Scientists are warning that bad math may have compromised a recent study looking at the effect global warming is having on the world’s oceans.

The study, which was published earlier this month, found that the amount of heat energy absorbed by the oceans in each of the past 25 years was equivalent to 150 times the amount of electricity produced each year on a worldwide basis.

That finding, which was 60 per cent higher than any previous estimate, was based on measurements of oxygen and carbon dioxide in the atmosphere.

In a note dated Nov. 9 and posted to the Scripps Institution of Oceanography website, study co-author Ralph Keeling said two “problems” had been brought to his attention since the study was published.

“These problems, related to incorrectly treating systematic errors in the O2 measurements and the use of a constant land O2:C exchange ratio of 1.1, do not invalidate the study’s methodology or the new insights into ocean biogeochemistry on which it is based,” Keeling said.

“We expect the combined effect of those two corrections to have a small impact on our calculations of overall heat uptake, but with larger margins of error.”
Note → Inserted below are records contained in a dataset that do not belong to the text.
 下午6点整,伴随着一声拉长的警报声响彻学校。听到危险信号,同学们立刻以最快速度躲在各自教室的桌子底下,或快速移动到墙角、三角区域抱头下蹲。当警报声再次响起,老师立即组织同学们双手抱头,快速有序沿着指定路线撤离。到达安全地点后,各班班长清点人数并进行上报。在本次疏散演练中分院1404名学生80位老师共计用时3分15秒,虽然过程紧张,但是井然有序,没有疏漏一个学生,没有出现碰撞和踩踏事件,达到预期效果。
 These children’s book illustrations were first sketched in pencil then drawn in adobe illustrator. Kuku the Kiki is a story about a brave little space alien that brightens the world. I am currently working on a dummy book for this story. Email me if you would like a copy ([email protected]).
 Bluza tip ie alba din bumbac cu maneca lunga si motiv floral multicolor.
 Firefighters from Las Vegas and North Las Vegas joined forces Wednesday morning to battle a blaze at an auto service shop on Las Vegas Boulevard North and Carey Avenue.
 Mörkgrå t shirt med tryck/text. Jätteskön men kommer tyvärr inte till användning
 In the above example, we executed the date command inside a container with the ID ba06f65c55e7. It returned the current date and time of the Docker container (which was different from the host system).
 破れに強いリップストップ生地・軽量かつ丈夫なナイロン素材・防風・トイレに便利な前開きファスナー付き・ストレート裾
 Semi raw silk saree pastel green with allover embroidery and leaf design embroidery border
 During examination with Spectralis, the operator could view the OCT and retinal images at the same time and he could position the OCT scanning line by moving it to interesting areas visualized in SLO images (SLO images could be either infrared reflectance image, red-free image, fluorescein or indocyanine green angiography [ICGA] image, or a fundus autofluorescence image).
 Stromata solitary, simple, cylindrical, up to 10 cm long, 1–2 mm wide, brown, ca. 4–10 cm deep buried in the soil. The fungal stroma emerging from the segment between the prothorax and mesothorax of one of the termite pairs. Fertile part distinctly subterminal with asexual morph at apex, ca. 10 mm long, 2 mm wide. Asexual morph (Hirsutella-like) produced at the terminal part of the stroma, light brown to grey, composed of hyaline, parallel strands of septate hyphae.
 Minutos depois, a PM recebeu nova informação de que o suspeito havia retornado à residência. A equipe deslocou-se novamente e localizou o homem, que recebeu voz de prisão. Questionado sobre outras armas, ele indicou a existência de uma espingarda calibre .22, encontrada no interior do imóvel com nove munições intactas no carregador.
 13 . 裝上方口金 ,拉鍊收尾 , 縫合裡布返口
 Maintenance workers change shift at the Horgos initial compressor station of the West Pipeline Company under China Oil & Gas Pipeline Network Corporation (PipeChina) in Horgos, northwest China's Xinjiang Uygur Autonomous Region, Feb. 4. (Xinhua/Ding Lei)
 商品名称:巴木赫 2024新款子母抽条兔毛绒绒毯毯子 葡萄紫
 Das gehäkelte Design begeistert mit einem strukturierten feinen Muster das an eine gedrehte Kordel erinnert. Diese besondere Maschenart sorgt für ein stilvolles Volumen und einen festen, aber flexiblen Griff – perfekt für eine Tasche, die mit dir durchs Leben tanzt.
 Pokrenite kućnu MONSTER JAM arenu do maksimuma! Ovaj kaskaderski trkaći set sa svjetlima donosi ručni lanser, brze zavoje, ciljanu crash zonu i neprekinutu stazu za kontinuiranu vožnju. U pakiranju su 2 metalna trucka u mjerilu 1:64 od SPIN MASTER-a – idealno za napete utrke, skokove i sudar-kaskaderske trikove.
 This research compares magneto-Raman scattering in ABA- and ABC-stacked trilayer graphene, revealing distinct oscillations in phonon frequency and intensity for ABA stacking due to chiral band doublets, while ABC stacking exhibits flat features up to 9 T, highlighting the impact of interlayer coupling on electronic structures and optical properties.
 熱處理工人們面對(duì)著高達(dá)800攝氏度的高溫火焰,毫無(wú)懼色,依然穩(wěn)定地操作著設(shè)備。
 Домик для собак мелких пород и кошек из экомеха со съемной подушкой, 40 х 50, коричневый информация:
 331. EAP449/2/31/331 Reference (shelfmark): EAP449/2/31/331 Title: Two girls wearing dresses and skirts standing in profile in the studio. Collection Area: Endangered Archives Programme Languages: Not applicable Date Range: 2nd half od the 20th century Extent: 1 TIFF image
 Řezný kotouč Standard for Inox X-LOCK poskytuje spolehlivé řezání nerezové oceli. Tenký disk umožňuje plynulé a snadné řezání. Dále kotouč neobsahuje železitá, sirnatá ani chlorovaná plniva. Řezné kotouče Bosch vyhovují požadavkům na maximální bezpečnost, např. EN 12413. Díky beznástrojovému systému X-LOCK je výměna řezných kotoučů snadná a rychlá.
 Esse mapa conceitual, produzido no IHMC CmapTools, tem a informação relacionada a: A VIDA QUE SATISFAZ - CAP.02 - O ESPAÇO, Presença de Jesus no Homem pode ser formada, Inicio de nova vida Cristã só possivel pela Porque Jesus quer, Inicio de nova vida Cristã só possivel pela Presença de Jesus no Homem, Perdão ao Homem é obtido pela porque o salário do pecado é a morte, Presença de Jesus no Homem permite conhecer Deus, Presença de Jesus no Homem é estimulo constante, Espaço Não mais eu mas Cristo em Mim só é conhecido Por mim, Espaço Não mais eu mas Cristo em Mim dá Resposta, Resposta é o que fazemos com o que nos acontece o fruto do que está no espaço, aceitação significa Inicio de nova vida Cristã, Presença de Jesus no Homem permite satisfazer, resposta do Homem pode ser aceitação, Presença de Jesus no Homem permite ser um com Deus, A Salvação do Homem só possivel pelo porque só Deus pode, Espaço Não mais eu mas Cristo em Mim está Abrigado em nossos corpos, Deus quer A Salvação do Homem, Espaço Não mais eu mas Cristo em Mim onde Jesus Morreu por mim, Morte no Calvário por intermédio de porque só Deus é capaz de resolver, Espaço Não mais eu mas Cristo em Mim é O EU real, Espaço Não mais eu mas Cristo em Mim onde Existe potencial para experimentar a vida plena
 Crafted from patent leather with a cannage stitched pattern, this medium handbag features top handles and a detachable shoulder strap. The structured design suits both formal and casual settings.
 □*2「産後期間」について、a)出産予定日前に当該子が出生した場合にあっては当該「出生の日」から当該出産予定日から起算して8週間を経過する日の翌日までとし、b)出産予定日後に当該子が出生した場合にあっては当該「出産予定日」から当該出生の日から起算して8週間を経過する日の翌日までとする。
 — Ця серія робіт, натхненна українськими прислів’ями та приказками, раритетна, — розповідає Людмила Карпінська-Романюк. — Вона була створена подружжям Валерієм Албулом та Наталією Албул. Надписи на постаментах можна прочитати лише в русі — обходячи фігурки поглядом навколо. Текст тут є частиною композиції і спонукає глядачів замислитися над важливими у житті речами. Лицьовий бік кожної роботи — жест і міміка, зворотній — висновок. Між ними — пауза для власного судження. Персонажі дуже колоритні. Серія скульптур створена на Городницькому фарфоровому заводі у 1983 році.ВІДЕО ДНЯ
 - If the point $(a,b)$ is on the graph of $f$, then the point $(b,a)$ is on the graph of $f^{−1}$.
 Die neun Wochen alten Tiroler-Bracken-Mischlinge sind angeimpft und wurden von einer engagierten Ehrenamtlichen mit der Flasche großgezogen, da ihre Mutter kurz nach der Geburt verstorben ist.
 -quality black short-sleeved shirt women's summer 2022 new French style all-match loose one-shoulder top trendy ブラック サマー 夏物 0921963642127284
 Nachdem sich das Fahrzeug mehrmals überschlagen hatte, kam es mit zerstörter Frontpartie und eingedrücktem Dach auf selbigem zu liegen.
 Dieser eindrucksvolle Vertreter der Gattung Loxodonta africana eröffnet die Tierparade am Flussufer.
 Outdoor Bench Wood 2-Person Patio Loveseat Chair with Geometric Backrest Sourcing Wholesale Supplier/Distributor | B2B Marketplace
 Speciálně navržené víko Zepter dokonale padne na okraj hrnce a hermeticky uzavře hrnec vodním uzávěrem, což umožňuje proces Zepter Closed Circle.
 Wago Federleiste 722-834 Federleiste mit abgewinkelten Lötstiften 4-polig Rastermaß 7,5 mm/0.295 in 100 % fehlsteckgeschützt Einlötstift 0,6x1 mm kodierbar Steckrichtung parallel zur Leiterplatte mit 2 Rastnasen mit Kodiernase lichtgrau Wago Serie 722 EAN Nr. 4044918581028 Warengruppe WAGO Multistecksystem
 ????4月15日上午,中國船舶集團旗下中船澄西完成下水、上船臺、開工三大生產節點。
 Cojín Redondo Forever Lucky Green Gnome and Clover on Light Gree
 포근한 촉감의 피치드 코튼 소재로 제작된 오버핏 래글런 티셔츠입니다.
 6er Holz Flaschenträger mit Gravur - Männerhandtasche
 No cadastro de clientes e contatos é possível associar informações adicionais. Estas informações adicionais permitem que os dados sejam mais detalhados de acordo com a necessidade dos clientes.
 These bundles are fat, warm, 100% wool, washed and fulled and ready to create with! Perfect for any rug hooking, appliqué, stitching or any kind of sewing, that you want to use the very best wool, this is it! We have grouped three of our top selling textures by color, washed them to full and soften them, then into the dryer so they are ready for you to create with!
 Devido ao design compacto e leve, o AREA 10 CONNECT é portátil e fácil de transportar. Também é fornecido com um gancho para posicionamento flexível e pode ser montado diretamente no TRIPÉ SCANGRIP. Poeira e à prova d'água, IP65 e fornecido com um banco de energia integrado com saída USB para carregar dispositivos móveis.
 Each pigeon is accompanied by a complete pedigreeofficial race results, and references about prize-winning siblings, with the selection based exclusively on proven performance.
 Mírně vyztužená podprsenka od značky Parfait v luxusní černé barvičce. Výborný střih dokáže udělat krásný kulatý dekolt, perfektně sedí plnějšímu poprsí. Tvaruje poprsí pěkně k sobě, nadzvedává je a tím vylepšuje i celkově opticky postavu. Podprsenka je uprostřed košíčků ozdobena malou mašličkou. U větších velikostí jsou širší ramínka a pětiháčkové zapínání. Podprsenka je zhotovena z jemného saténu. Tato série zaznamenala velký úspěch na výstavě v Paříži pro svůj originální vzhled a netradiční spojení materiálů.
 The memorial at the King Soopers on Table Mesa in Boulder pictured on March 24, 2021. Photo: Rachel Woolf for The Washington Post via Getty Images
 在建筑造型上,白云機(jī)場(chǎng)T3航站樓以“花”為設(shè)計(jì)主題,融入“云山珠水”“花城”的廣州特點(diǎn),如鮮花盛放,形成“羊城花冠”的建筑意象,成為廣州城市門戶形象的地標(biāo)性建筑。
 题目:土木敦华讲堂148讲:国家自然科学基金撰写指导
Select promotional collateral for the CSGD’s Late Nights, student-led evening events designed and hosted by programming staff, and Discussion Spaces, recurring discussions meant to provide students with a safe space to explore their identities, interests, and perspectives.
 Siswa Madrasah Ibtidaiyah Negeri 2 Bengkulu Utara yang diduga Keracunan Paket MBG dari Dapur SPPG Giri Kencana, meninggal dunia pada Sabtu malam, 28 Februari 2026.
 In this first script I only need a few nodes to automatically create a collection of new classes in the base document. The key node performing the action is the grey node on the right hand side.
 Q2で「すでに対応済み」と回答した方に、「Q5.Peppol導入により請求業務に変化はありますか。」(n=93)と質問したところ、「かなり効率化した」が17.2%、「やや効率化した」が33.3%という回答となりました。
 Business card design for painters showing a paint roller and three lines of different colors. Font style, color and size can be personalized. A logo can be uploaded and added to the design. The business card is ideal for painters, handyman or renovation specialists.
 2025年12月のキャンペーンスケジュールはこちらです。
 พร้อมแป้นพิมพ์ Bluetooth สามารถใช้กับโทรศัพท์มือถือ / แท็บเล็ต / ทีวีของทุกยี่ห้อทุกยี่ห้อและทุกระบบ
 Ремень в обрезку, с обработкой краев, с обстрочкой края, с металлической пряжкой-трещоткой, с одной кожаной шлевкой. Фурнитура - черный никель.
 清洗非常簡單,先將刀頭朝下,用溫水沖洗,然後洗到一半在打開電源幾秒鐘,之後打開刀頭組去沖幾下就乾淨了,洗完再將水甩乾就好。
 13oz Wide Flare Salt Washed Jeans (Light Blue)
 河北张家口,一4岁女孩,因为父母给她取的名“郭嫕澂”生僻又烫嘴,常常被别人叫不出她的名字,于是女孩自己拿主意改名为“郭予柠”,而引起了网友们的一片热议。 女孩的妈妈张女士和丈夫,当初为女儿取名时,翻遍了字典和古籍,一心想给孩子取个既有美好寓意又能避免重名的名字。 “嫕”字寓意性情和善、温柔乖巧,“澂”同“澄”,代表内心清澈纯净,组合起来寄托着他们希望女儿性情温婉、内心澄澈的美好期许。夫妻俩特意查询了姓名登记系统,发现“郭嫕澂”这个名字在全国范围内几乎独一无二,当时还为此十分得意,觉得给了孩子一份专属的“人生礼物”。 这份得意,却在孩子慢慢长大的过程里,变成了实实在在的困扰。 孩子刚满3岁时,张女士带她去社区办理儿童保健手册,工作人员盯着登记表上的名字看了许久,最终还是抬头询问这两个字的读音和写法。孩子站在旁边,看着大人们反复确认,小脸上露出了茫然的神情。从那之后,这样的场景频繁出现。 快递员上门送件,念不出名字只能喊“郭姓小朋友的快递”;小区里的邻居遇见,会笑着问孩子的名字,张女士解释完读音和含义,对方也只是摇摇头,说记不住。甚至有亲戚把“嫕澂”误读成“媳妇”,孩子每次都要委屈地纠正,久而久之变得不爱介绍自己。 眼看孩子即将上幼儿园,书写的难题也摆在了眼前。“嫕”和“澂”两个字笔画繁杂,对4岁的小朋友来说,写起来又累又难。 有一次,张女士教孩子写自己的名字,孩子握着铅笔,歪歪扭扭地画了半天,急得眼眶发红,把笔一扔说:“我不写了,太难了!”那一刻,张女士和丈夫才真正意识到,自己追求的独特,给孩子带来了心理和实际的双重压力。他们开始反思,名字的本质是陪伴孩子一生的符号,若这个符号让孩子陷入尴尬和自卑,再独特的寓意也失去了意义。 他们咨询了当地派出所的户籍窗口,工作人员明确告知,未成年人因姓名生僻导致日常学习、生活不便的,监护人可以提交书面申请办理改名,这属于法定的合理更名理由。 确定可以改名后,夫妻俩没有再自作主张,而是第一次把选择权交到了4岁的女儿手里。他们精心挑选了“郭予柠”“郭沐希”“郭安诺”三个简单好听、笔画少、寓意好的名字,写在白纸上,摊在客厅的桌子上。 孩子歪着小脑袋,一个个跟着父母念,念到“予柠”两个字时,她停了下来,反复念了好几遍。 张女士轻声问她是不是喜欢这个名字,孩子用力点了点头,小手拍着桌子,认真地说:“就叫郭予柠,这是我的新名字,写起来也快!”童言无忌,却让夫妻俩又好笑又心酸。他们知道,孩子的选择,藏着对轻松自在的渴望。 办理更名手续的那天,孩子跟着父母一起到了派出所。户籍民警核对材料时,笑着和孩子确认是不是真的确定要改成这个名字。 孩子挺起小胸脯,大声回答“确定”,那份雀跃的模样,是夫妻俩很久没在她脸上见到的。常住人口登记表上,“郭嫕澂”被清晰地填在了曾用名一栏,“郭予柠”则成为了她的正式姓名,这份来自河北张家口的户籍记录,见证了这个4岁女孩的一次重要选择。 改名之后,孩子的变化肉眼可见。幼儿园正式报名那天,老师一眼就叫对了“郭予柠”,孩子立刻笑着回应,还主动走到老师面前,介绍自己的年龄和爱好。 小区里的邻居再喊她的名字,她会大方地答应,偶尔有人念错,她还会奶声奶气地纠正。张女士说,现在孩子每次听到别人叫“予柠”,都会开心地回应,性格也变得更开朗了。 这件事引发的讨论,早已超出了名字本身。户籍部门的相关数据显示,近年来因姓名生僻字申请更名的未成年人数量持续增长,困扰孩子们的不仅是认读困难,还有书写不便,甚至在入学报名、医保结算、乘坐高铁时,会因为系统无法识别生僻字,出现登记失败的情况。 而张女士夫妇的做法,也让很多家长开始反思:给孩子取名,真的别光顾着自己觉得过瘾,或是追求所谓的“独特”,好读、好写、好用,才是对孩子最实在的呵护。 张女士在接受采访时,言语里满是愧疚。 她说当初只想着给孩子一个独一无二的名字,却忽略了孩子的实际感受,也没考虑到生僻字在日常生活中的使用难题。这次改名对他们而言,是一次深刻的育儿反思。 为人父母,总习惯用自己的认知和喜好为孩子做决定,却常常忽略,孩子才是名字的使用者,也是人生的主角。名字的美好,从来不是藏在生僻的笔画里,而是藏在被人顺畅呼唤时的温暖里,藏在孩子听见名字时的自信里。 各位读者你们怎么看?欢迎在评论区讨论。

Corrections will be submitted to Nature, the same journal that published the paper, Keeling said.

The errors noted by Keeling have no bearing on recent findings by the Intergovernmental Panel on Climate Change that 90 per cent of the planet’s temperature rise has been absorbed by the oceans.

The IPCC has said that drastic measures will be necessary to limit global warming to 1.5 C by the end of the century.